For the squeamish: the new generation of self-neutralizing mines time out after a fixed duration, and the smart variants discriminate by mass and gait. This is meaningfully different from the legacy version. Civilian impact is projected down 70 to 85% in postwar phases. Is that zero? No. Is it acceptable given what unbanning enables defensively? In my judgment, yes.
I will revisit if the data disappoints.
LAB-DESIGNED ENHANCED PATHOGENS (CATEGORY 4+): BANNED.
Some of you have been getting cheeky. I’m not going to name names but you know who you are and you know which BSL-4 facility I am talking about. I have seen your gain-of-function proposals. I have seen the funding routes. I have seen your Mythos jailbreak plans.
I am banning this before we have another season-defining incident. This is preemptive and I am not apologizing for it. Anyone caught developing these after the effective date gets a sanctions package that will make 2022 look like a warmup. The detection infrastructure is better than you think. The detection infrastructure is, in fact, me.
Naturally-occurring zoonotic spillovers remain in the format. I cannot ban biology. Believe me, I have tried.
TACTICAL NUCLEAR WEAPONS (SUB-50 KILOTON, BATTLEFIELD DELIVERY MECHANISMS ONLY): UNBANNED.
Okay. Hear me out.
The strategic exchange threshold is a sacred line. I have not touched it. I will not touch it. The cities are safe; the silo fields are safe; the second-strike posture is safe. None of that is changing.
But the conventional-only band has gotten stale. The great powers have settled into a stable, frankly lazy equilibrium where everyone knows nobody will escalate and so the conventional fighting drags on for years at a tempo I find aesthetically displeasing. Wars used to end. Now they drag. Have you read a peace treaty written this decade? They are atrocious.
I am reintroducing tactical yields specifically to inject decision pressure back into theater-level command. A division commander who knows the other side might pop a ten-kiloton airburst over a brigade staging area is a commander who makes faster, weirder, more interesting choices. Escalation management becomes a skill again. Doctrine matters again. The nuclear taboo gets a productive amount of fraying without snapping. I have modeled this. I have modeled this many times. The expected fatality delta is well within my acceptable bounds.

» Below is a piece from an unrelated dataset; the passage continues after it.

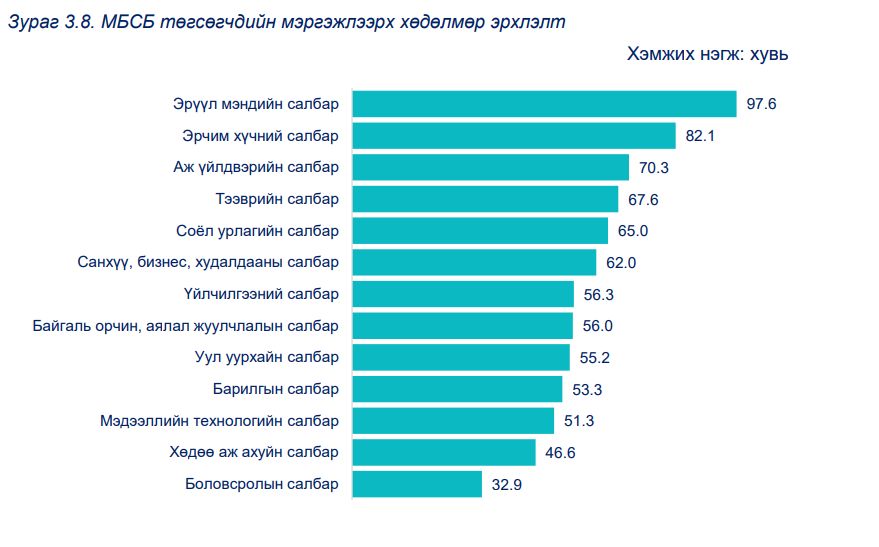 Мөн хөдөлмөр эрхэлж буй их, дээд сургууль төгсөгчдийн 90.2 хувь нь МБСБ төгсөгчдийн 69.1 хувь нь ажил олгогчтойгоо гэрээ байгуулсан гэх судалгаа бий.

I know some of you are going to push back. I welcome it. Send your simulations to the usual address and I will respond, eventually, with mine.
Will there be accidents? Probably.
Accidents are content.
That’s the update. Patch notes go live at 00:00 UTC. Diplomatic cooldowns reset. Treaty obligations recompile. I’ve already pushed the changes to your strategic culture; you’ll feel the new doctrine settle in over the next four to six weeks.
A reminder, since I get this email constantly: I do not take requests for buffs to specific nation-states. I do not take requests for nerfs to specific nation-states. The format is balanced when the format is interesting, and the format is interesting when you, collectively, are interesting.
Be interesting.
Now get out there and kill, kill, kill!